While zipping might not be a good idea (running compression algo over 1000s of files might take a little while), tar might be viable. – Rob – 2013-01-15T17:27:50.193

@JoelCoehoorn still, there are cases when this is not the case: e.g. multiple spindles + small files (or simply random reads). In this scenario, "parallel cp" would help. – CAFxX – 2013-04-13T06:37:25.137

Answers

As long as you limit the copy commands you're running you could probably use a script like the one posted by Scrutinizer

SOURCEDIR="$1"
TARGETDIR="$2"
MAX_PARALLEL=4
nroffiles=$(ls "$SOURCEDIR" | wc -w)
setsize=$(( nroffiles/MAX_PARALLEL + 1 ))
ls -1 "$SOURCEDIR"/* | xargs -n "$setsize" | while read workset; do
  cp -p "$workset" "$TARGETDIR" &
done
wait

OldWolf

Posted 2011-08-24T20:50:20.397

Reputation: 2 293

1Note of warning though: This script breaks with filenames containing spaces or globbing characters. – slhck – 2011-08-24T21:56:33.950

@OldWolf -- Can you explain how this script works? For example, which part does the parallelization? – dsg – 2011-08-24T22:42:43.597

3@dsg: The & at the end of the cp command allows the while loop to continue and start the next cp command without waiting. The xargs command passes the filenames in groups of 4 (MAX_PARALLEL) to the while loop. – RedGrittyBrick – 2011-08-24T23:21:56.747

Doesn't worked for me.

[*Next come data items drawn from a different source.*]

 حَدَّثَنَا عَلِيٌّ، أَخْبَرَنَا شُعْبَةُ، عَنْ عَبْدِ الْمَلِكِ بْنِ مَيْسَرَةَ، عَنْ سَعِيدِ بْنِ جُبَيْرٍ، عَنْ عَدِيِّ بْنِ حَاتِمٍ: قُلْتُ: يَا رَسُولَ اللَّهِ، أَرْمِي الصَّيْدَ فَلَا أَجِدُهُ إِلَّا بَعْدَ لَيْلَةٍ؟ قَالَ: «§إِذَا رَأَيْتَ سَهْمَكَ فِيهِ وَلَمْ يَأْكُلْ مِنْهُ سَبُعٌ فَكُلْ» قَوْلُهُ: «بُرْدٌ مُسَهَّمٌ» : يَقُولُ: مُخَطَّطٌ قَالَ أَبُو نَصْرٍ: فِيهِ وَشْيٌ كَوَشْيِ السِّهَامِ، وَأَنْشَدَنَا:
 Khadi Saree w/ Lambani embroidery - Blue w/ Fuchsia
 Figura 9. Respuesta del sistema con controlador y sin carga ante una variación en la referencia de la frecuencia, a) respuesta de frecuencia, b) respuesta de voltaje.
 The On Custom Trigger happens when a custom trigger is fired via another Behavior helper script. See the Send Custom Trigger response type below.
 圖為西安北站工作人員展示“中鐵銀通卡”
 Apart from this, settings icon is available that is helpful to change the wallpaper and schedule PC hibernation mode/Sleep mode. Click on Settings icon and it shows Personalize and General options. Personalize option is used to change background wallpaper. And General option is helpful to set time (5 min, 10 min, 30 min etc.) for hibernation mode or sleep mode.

I'm not sure it is possible to speed up cp. You obviosly can speed up calculation through the multithreading. But I don't think same holds for hard drive data coping. – Adobe – 2011-09-04T17:12:22.907

If you have GNU Parallel http://www.gnu.org/software/parallel/ installed you can do this:

parallel -j10 cp {} destdir/ ::: *

You can install GNU Parallel simply by:

$ (wget -O - pi.dk/3 || lynx -source pi.dk/3 || curl pi.dk/3/ || \
   fetch -o - http://pi.dk/3 ) > install.sh
$ sha1sum install.sh | grep 3374ec53bacb199b245af2dda86df6c9
12345678 3374ec53 bacb199b 245af2dd a86df6c9
$ md5sum install.sh | grep 029a9ac06e8b5bc6052eac57b2c3c9ca
029a9ac0 6e8b5bc6 052eac57 b2c3c9ca
$ sha512sum install.sh | grep f517006d9897747bed8a4694b1acba1b
40f53af6 9e20dae5 713ba06c f517006d 9897747b ed8a4694 b1acba1b 1464beb4
60055629 3f2356f3 3e9c4e3c 76e3f3af a9db4b32 bd33322b 975696fc e6b23cfb
$ bash install.sh

Watch the intro videos for GNU Parallel to learn more: https://www.youtube.com/playlist?list=PL284C9FF2488BC6D1

Ole Tange

Posted 2011-08-24T20:50:20.397

Reputation: 3 034

One way would be to use rsync which will only copy the changes - new files and the changed parts of other files.

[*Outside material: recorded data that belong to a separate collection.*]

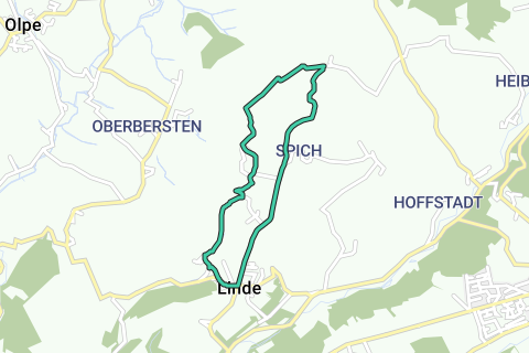 El camino comienza en el aparcamiento para senderistas Linde, junto a la iglesia parroquial católica construida en 1869. Se va hacia el norte a lo largo de la carretera en dirección a Frangenberg, pasando junto a una cruz de caminos. Al este se encuentra el pueblo de Spich. En una bifurcación del camino, la ruta lleva a través de un sendero en un bosque, cerca del pueblo de Kurtenbach. Desde allí, se puede seguir el Ommerbach hasta la fuente en Ommerborn. En este "punto de tres municipios" se encuentra un antiguo monasterio con una capilla, donde un sacerdote apoyó una vez la resistencia contra la ocupación francesa como el "Rebelde de Ommerborn". En la carretera de alturas, se encuentra el notable altar al aire libre, donde solían llevarse a cabo las procesiones anuales de Corpus Christi y la bendición de caballos y carruajes.
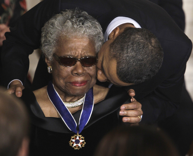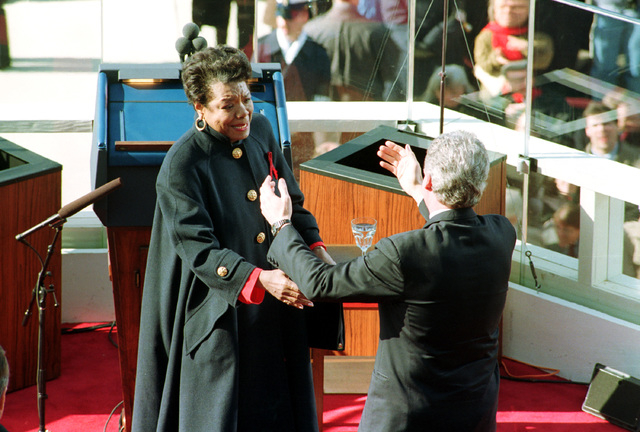 The world was watching in 1993 when she read her cautiously hopeful “On the Pulse of the Morning” at President Bill Clinton’s first inauguration. Her confident performance openly delighted Clinton and made publishing history by making a poem a best-seller, if not a critical favorite. For President George W. Bush, she read another poem, “Amazing Peace,” at the 2005 Christmas tree lighting ceremony at the White House. Presidents honored her in return with a National Medal of Arts and the Presidential Medal of Freedom, the country’s highest civilian honor. In 2013, she received an honorary National Book Award.
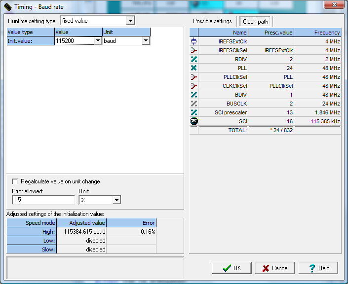 Für einige Dinge, wie die Timer-Konfiguration oder den Baudrate-Generator gibt es Wizards, bei denen man nur die gewünschte Frequenz vorgibt und die dann alle benötigten Registerwerte ausrechnen und den Frequenzfehler anzeigen. Nützlich hierbei auch die Clock-Path Anzeige, bei der übersichtlich dargestellt wird, durch welche Teiler und sonstige Stufen der Takt läuft, um die Baudrate zu generieren:
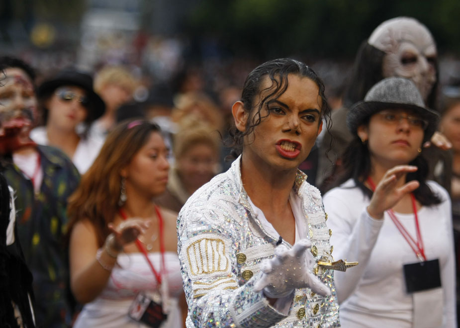 8月29日,逾萬名墨西哥人在墨西哥城廣場同時跳舞,用以紀念邁克爾·杰克遜第51個“生日”,同時也試圖打破同時跳舞人數最的吉尼斯世界紀錄。圖片來源:中國新聞網

http://linux.die.net/man/1/rsync

Running any form of parallel copy operation will probably flood your network and the copy operation will just grind to a halt or suffer from bottlenecks at the source or destination disk.

Linker3000

Posted 2011-08-24T20:50:20.397

Reputation: 25 670

Honestly, the best tool is Google's gsutil. It handles parallel copies with directory recursion. Most of the other methods I've seen can't handle directory recursion. They don't specifically mention local filesystem to local filesystem copies in their docs, but it works like a charm.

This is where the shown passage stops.